### Try it:
Leave out the pictures, and retype the remaining data exactly.

### Source data:
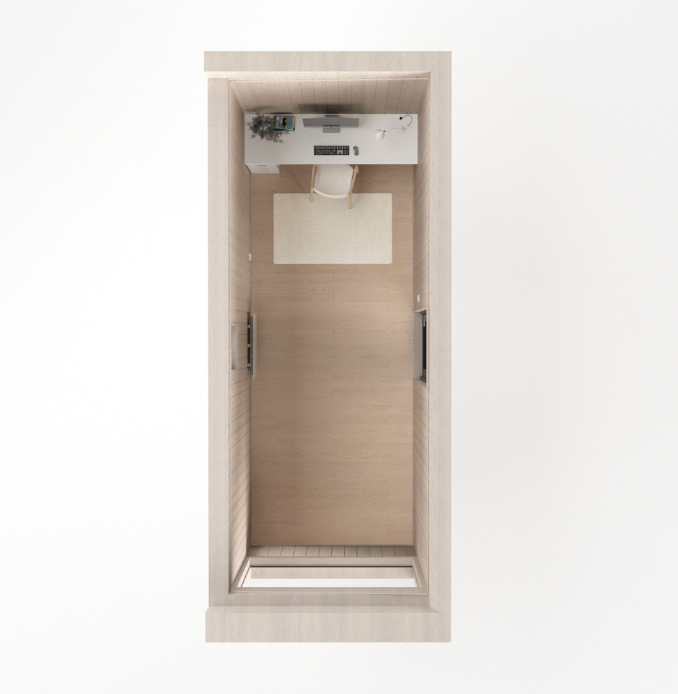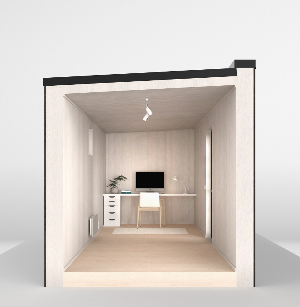 HOLK Kontor 15 – Ett rymligt kontor som ger dig frihet att forma utrymmet efter egna behov. Här finns gott om plats att kombinera det platsbyggda skrivbordet och den praktiska hurtsen med exempelvis en liten loungehörna, ett mötesområde eller plats för kreativt arbete. Stora fönster släpper in ljus och ger rummet en luftig känsla, medan naturmaterial och omsorgsfullt utvalda detaljer skapar en varm och inbjudande atmosfär – perfekt för både fokus och flexibilitet.
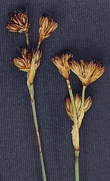 This is a perennial herb forming clumps of erect stems up to about 25 centimeters tall from a thick rhizome. The inflorescence is made up of several clusters of brown or green flowers. The flat leaves are blue-green in color. There are 2 to 6 clusters on the plant and 3 to 7 flowers in a cluster. The flowers have six brown tepals. The plump capsules are either equal to or longer than the tepals. 2n equals either 36 or 38.[4] The bloom time is from June to September.[3]
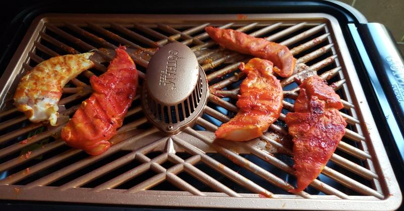 The best feature about this grill is the fan. It sounds loud but there was no smoke when I used it. I grilled a piece of chicken breast in about 20 minutes. I had marinated it 24 hours before cooking. It was tender and flavorful. The grill is easy to clean with soap and a nylon scrubber. The only downside of the product is I do not have enough storage space for it.
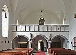 Im dreijochigen Langhaus befand sich wohl ursprünglich ein Kreuzrippengewölbe. Jetzt ruht ein Tonnengewölbe mit Stichkappen auf gotisch profilierten Wandvorlagen. Die dreiachsige, spätgotische Westempore ist kreuzrippenunterwölbt und an den Schlusssteinen mit Wappenschildern versehen. Die Emporenbrüstung ist durch vorgeblendete Stäbe in 13 Felder unterteilt. Ein profilierter Triumphbogen verbindet das Langhaus und den Chor mit Fünfachtelschluss und einem Netzrippengewölbe. Chor und Langhaus haben zweibahnige Maßwerkfenster. In der barocken, kreuzgewölbten Kapelle nördlich des Chores ist die Gruft des Michael von Pughelsheim († 1688) untergebracht. Ein spätgotisches Kielbogenportal führt vor dem Triumphbogen an der Nordseite des Langhauses in die Sakristei.

### The completed task:
 HOLK Kontor 15 – Ett rymligt kontor som ger dig frihet att forma utrymmet efter egna behov. Här finns gott om plats att kombinera det platsbyggda skrivbordet och den praktiska hurtsen med exempelvis en liten loungehörna, ett mötesområde eller plats för kreativt arbete. Stora fönster släpper in ljus och ger rummet en luftig känsla, medan naturmaterial och omsorgsfullt utvalda detaljer skapar en varm och inbjudande atmosfär – perfekt för både fokus och flexibilitet.
 This is a perennial herb forming clumps of erect stems up to about 25 centimeters tall from a thick rhizome. The inflorescence is made up of several clusters of brown or green flowers. The flat leaves are blue-green in color. There are 2 to 6 clusters on the plant and 3 to 7 flowers in a cluster. The flowers have six brown tepals. The plump capsules are either equal to or longer than the tepals. 2n equals either 36 or 38.[4] The bloom time is from June to September.[3]
 The best feature about this grill is the fan. It sounds loud but there was no smoke when I used it. I grilled a piece of chicken breast in about 20 minutes. I had marinated it 24 hours before cooking. It was tender and flavorful. The grill is easy to clean with soap and a nylon scrubber. The only downside of the product is I do not have enough storage space for it.
 Im dreijochigen Langhaus befand sich wohl ursprünglich ein Kreuzrippengewölbe. Jetzt ruht ein Tonnengewölbe mit Stichkappen auf gotisch profilierten Wandvorlagen. Die dreiachsige, spätgotische Westempore ist kreuzrippenunterwölbt und an den Schlusssteinen mit Wappenschildern versehen. Die Emporenbrüstung ist durch vorgeblendete Stäbe in 13 Felder unterteilt. Ein profilierter Triumphbogen verbindet das Langhaus und den Chor mit Fünfachtelschluss und einem Netzrippengewölbe. Chor und Langhaus haben zweibahnige Maßwerkfenster. In der barocken, kreuzgewölbten Kapelle nördlich des Chores ist die Gruft des Michael von Pughelsheim († 1688) untergebracht. Ein spätgotisches Kielbogenportal führt vor dem Triumphbogen an der Nordseite des Langhauses in die Sakristei.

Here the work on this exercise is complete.